Specific guarantees:

  1. The goroutine runs only on its locked M. No migration.
  2. No other goroutine runs on the locked M while the lock is held.
  3. Calls are counted. Nested LockOSThread/UnlockOSThread pairs match.
  4. If the goroutine exits while locked, the thread is unusable; the runtime treats it as compromised.
  5. LockOSThread is inherited by runtime.LockOSThread callers within the goroutine but not by other goroutines spawned from it.

Not contracted:

  • Whether the thread is destroyed immediately after a locked goroutine exits, or pooled for re-use.
  • Whether the thread has any specific affinity (cpuset, NUMA).
  • What signals are delivered to a locked goroutine vs to its M.

Netpoller Contract

The netpoller is not exposed as a public API, so there is no formal contract. What is reliable:

  • All net package types (TCPConn, UDPConn, UnixConn, Listener) use the netpoller. Read/Write calls park goroutines without holding an M.
  • time.Sleep, time.After, time.NewTimer integrate with the netpoller (the runtime timer heap is netpoller-aware).
  • select with a <-time.After() case uses the netpoller for the timeout.

Not contracted:

  • Whether os.Pipe fds are netpoller-backed (depends on whether they were set non-blocking).
  • Whether os.File.Read on a character device uses the netpoller.
  • Whether os/signal channels are netpoller-backed (currently not — they use channel buffering).

If you need a guarantee that an fd is netpoller-backed, use the net package types.


Cross-References to Standards

The Go syscall machinery sits on top of:

  • POSIX threads (IEEE Std 1003.1-2017): provides pthread_create, pthread_kill, signal semantics. Go does not use libc's pthreads on Linux but matches their semantics.
  • Linux clone(2) (man 2 clone): the kernel interface Go uses directly on Linux.
  • Linux epoll(7) (man 7 epoll): the netpoller's Linux backend.
  • BSD kqueue(2): macOS/FreeBSD netpoller backend.
  • Windows IOCP (I/O Completion Ports, MSDN): Windows netpoller backend.
  • POSIX signals (man 7 signal): how the runtime delivers signals to specific threads.
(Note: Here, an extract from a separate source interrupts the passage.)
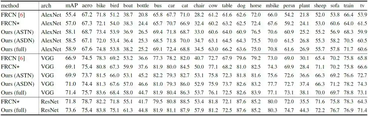 表格 1:VOC 识别测试的平均精度,FRCN 指使用我们训练方式的 FRCN 成绩。
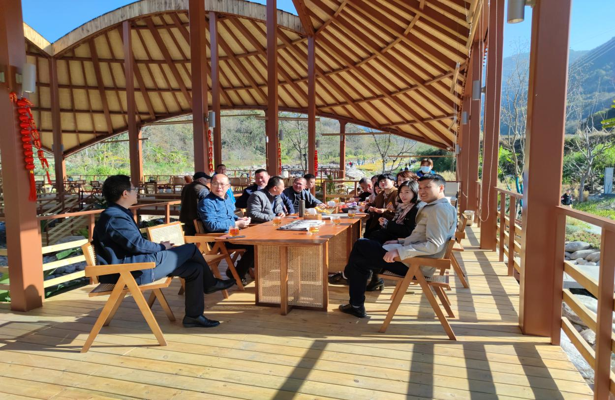 2022年2月15日上午,南充客戶考察團一行13人到訪海花溝大地公園參觀游覽,鳳棲和谷副總經理李濤代表公司對客戶的到來表示熱烈的歡迎。

For Go-specific design references:

  • Scalable Go Scheduler Design (Dmitry Vyukov, 2012) — the original GMP design.
  • Go proposal 24543: "Non-cooperative goroutine preemption" — added async preemption in Go 1.14.
  • runtime/HACKING.md — invariants of the scheduler.
  • runtime/proc.go comment headers — describe each function's contract.

These are the references a Go runtime engineer reaches for. As a user, you typically need only the godoc and the HACKING.md.


Summary

The Go language specification says almost nothing about syscalls — only that goroutines run concurrently. The runtime documentation contracts a small but important set of guarantees:

  • A syscall does not block other goroutines.
  • LockOSThread pins a goroutine to its thread.
  • runtime.SetMaxThreads caps OS threads (default 10000).
  • Network I/O via net package uses the netpoller.

A larger set of behaviours is implementation-defined: the 10 µs sysmon threshold, the M-pool size, VDSO usage, exact CAS sequences. Production code should not depend on these.

The runtime maintains strict invariants on goroutine/P/M states across the syscall transitions. The CAS race between sysmon's handoff and exitsyscallfast's re-attach is the central piece of lock-free machinery in the syscall path.

For interfaces with hardware or other languages (cgo, OS APIs), LockOSThread provides the only stable thread-affinity contract. Use it deliberately, understand its cost.

When in doubt, consult runtime/HACKING.md and the godoc; do not reverse-engineer guarantees from current behaviour.